It was the name of the entire minority.
There are Blacks, there are Hispanics, there are “The fearful ones”.
Like the shittiest gang name ever.
They looked around at a country full of Jews, established to protect themselves in an anti-Semitic world, and decided to become a minority in a country of minorities.
The most oppressed amongst the oppressed.
Committed to living in fear, they elevated it to an art form.
In the way the avoided eye contact.
In the way they declared declarations on the black and white posters they pasted to the walls of their neighborhoods.
In the way they lit dumpsters on fire at the first sign of threat.
If it existed, they feared it.
They feared man – who might come to draft them into the military at any moment.
They feared God – who might smite them into eternal damnation for eating a crumb of leavened bread on the wrong day of the year.
Most of all, they feared themselves- weak, unpredictable, fallible as fuck, with perverse sexual thoughts that were just ready to pounce at moment’s notice.
You are proud to be part of the fearful ones, because your parents told you they were proud, “card carrying members”. You too, want to carry a card.
So you wear the uniform with pride – black fedora, black suit and white shirt, worn over the woolen Tzitzit you wear for extra God points.
The perfect Middle Eastern attire – fashionable yet functional.
But you aren’t very good at it.
It was like other people knew how to do it, while you had read about it in a book. Except there was not even a book on the subject.
Being charedi is like a choreographed dance, like a complex mating ritual minus the mating; but there were no lessons offered and you had missed the rehearsals, so the best you could do is trip over your feet until the klezmer ends.
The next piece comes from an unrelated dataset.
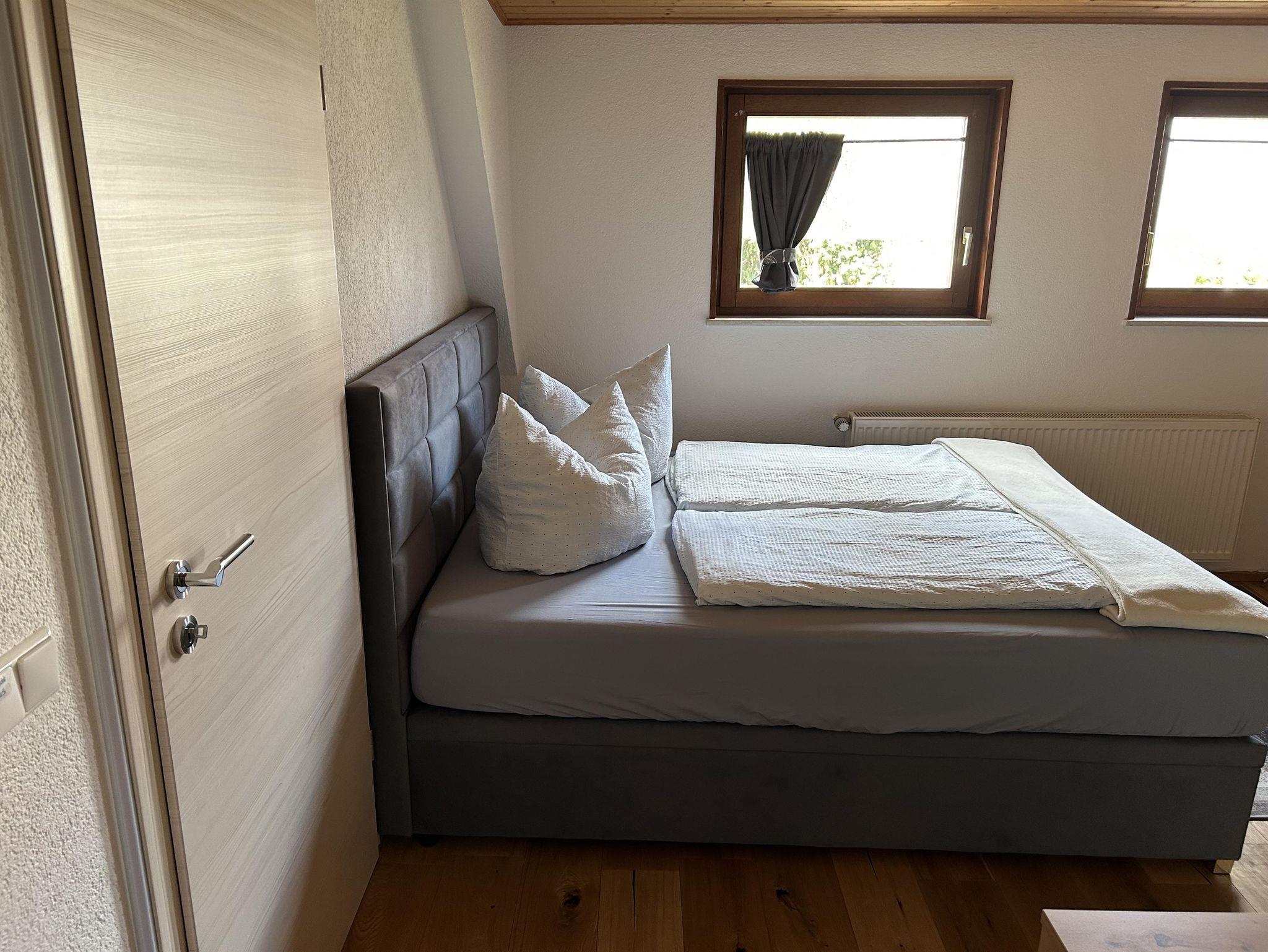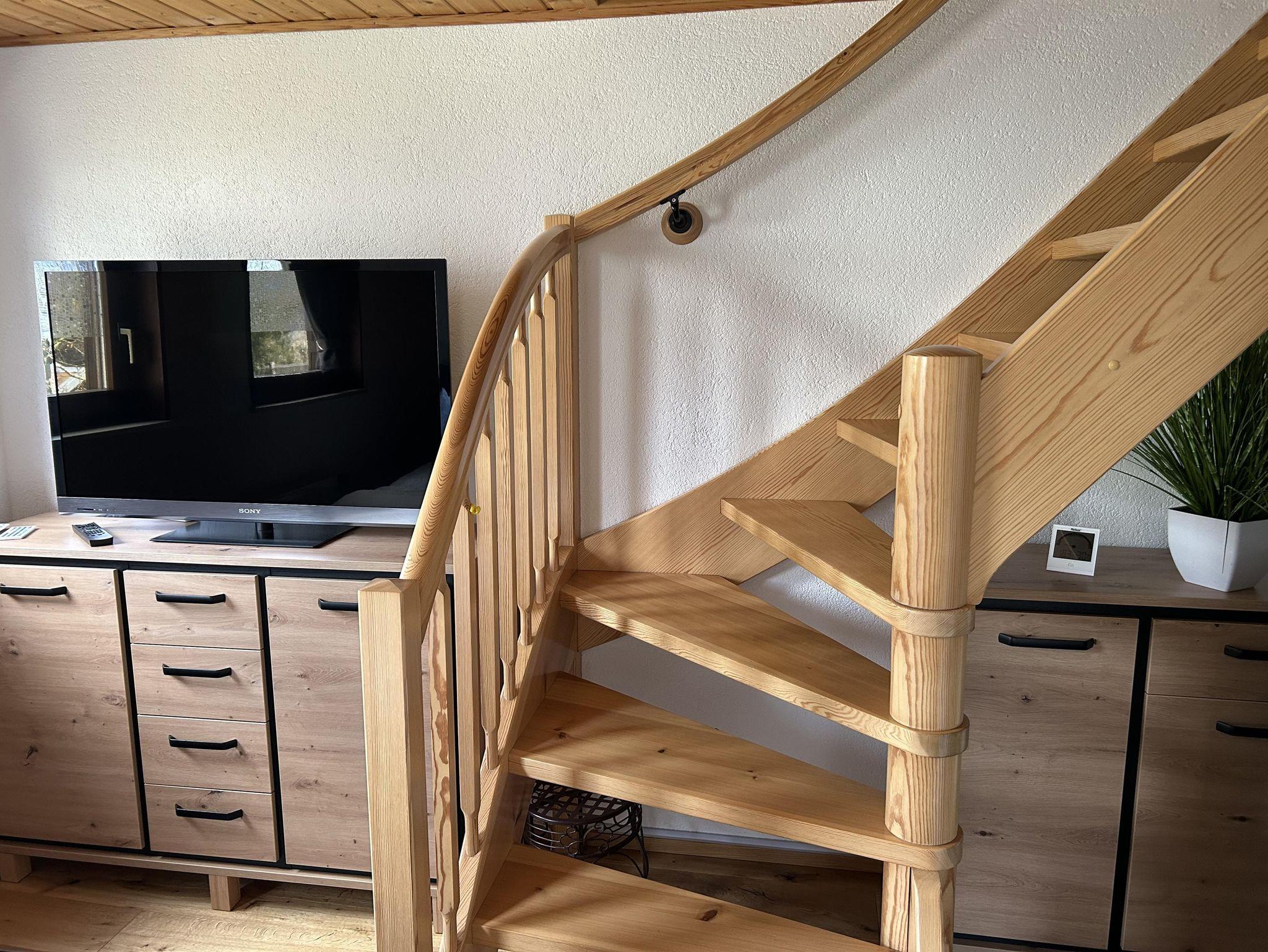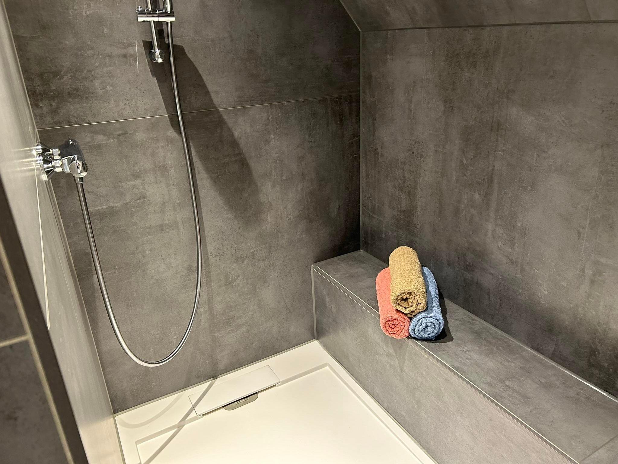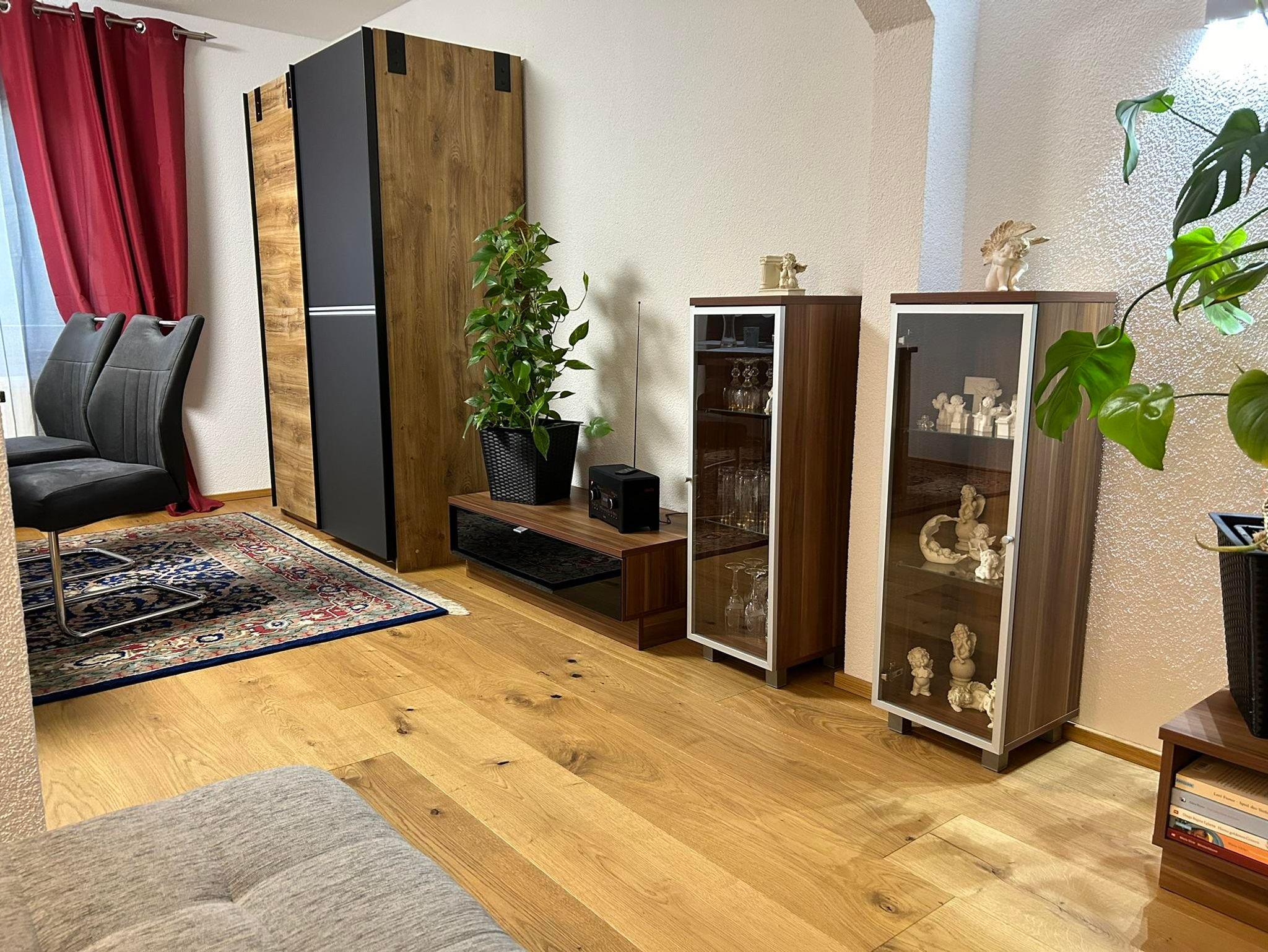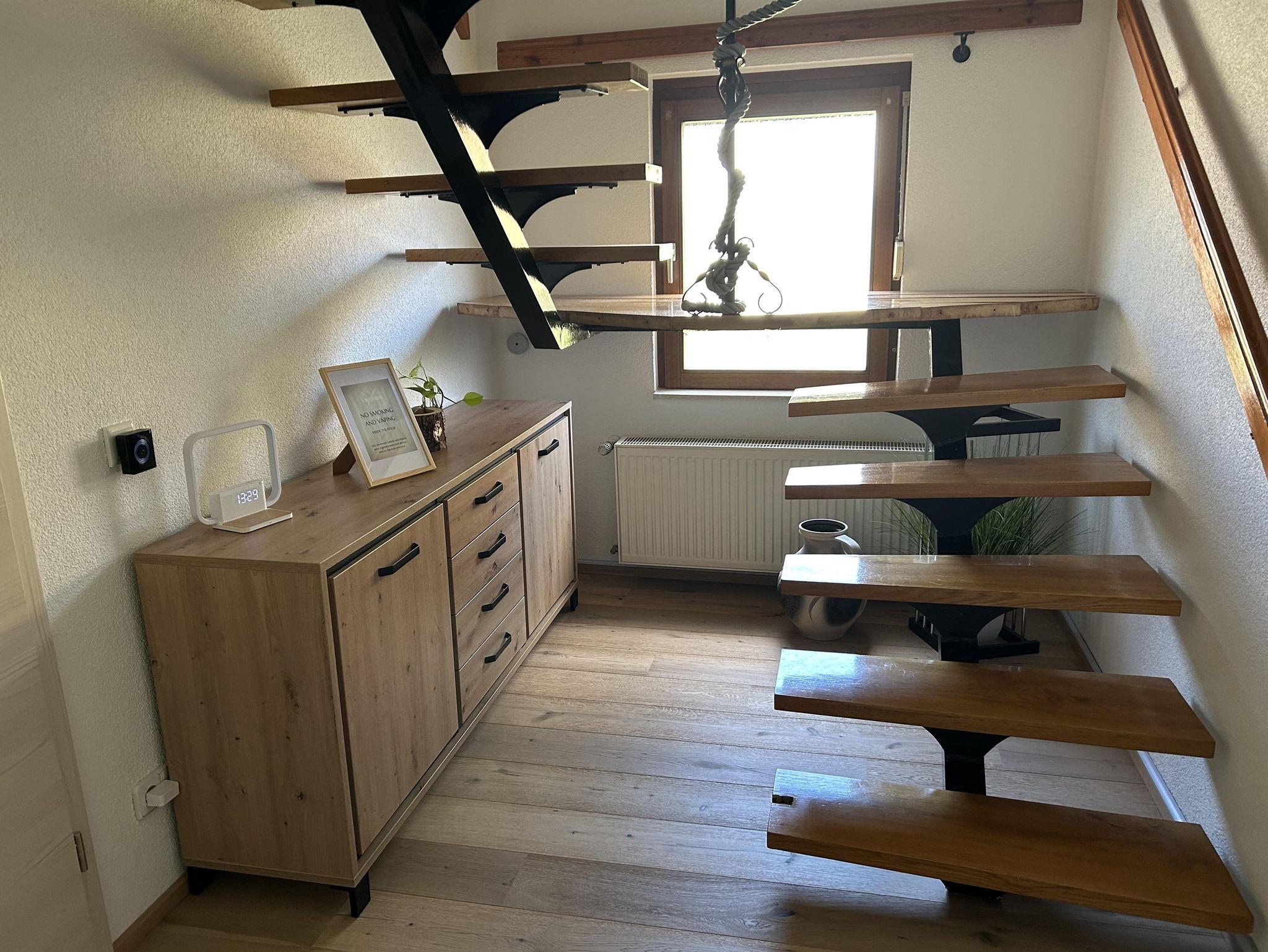 Unsere Ferienwohnung - welche komplett neu saniert und eingerichtet wurde - ideal für 2 Erwachsene und 1 bis 2 Kinder (max. 5 Personen) erstreckt sich über 2 Etagen. Über die Treppe erreichen wir im Obergeschoss das Schlafzimmer mit einem Doppelbett, und ein weiteres Schlafzimmer als Durchgangszimmer mit einem Queensize-Doppelbett. Auf Anfrage ist ein Kinderreisebett und ein Hochstuhl möglich. Im Dachgeschoss steht eine weitere Schlafmöglichkeit zur Verfügung. Das Bad ist mit Dusche und WC ausgestattet. Ein separates Gäste WC steht im Erdgeschoss zur Verfügung.

Everyone knew that Borsalino hats were all the rage and there you were still wearing a Bertolini like some sort of nerd.
Everyone got the memo that square buttons with pink stitching was the coolest shit, but you thought that all style and all color was still banned, like it had been yesterday.
Everyone understood the great insult that Rabbi Koplevitch had committed against Rabbi Eisensthaltz by calling him “Zatzal” instead of “Tazukal” in his Hamodia Op-ed, but you didn’t understand why there was now a need for armed guards around Kopelevitz’s Volvo.
Your entire worth revolved around what institution you were enrolled in. And yet the admissions process was like a ballet of informal avoidance.
You didn’t apply to a school. You hung out around The Rosh Yeshiva’s hovel at 2:33 when he was known to see people for four minutes.
After three days of waiting, you gained an audience with the esteemed 82 year old, and laid your case as to why you were a perfect candidate for his illustrious academy of knowledge.
He has Parkinson’s, so you don’t understand a word he says as he mumbles into his beard, but his second in command conveys to you that no, you haven’t made the cut.
But he says it in Aramaic, so it stings less.
That’s what the man towering over you wants to know. “Just Mai, in God’s great universe, is Hai?” You’re not sure yourself and therefore you stare blankly back at him.
Then finally, it hits you.
This is his seat. You’re sitting in his fucking seat, and he’s asking you, with grace, tact, and subtlety, what in the hell you are doing that for.
You are doing that for as to have a seat to sit on, because the Mir Yeshiva is notorious for not having any of those. You had thought, wrongly, that since you’ve been sitting here for three months without a hitch, that you finally had it figured out.
However, this has been this man’s seat for 20 years. And as the verse sayeth, “What are three months in thy eyes, God, compared to 20 years?” King David was a wise man. A wise man indeed.
And so, you move on, on an eternal quest to find a place to sit, while wondering Mai, actually, is all of Hai.